そういえば、近くにこんな制服の高校があった気がする。

「勉強してたの、邪魔しちまったか?」

「ううん。そろそろ集中力切れてきてたし。

その制服、立海大の生徒さんだね。」

「ああ。丸井ブン太、シクヨロ。お前は…。」

そう言いかけたところで店員がドーナツとオレンジジュースを持ってきたので、丸井はそっちに夢中になった。

「おっ!来た来た。

ここのドーナツうめぇんだぜ。」

丸井はドーナツを半分に割ると、片方を彼女に差し出した。

「はい、相席代ってことで。」

「いいの?ありがとう。
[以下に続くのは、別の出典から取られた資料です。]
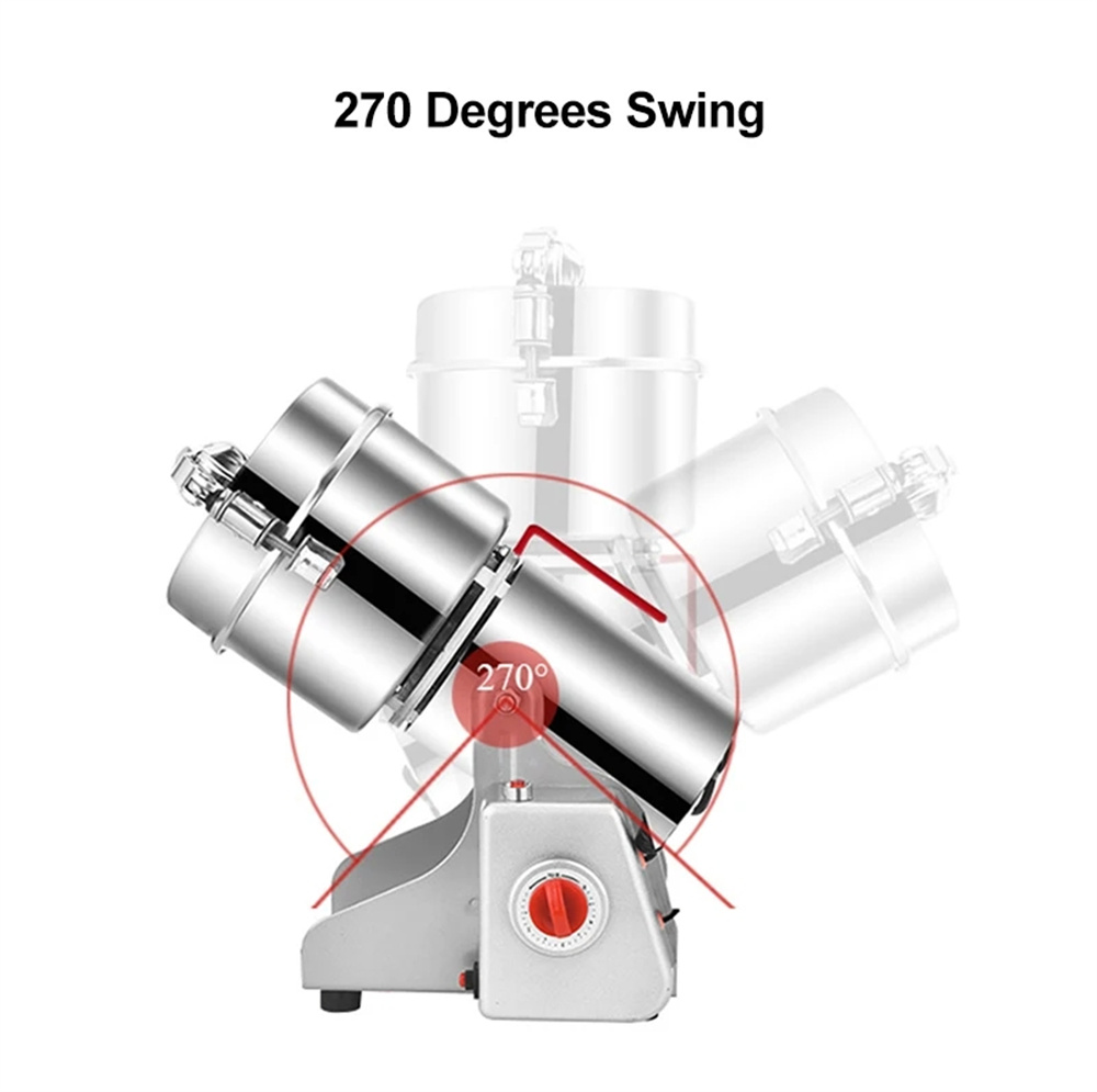 MIXER GRINDER 2500W -kone murskaa nopeasti sekä pehmeät että kovat kuivat aineet. Useimmat yrtit jauhautuvat 50–350 seulan karkeuteen puolessa minuutissa, ja 350 seulan karkeuteen noin minuutissa.
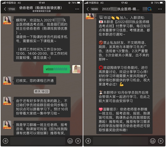 電腦端:購(gòu)課之后,登錄www.tymfj.cn,進(jìn)入我的網(wǎng)校我的家,點(diǎn)擊“掃碼入群”即可掃碼入群,添加班主任老師好友,提供聽課賬號(hào),等待入群。審核通過(guò)之后會(huì)及時(shí)拉您入班級(jí)群,跟同班同學(xué)一起備考!

」

彼女は微笑んで、ドーナツの半分を受け取った。

ぱくりと一口頬張ると、卵とバターの芳醇な香りとしっとりとした食感が堪らない。

「うめぇ〜!!やっぱこれ最高だな!」

「うん、すごく美味しい。」

少女も幸せそうににこにこしながらドーナツを頬張った。

心にある空白に波紋のようなざわめきが広がる。

初めて話したはずなのに、どうしてこんなに彼女のことが気になるのか分からない。

だがそれは、心地よい感覚だった。



2時間ほど話した後、丸井と少女は店の前で別れを告げた。

歩き出してから、丸井は彼女の名前を聞き忘れたことに気がついた。

…まあ、いいか。

彼女は大体水曜日の夕方にあの店に来ると言っていた。

約束をしたわけでもないのに、また来週彼女と会うのがすでに待ち遠しく感じられていた。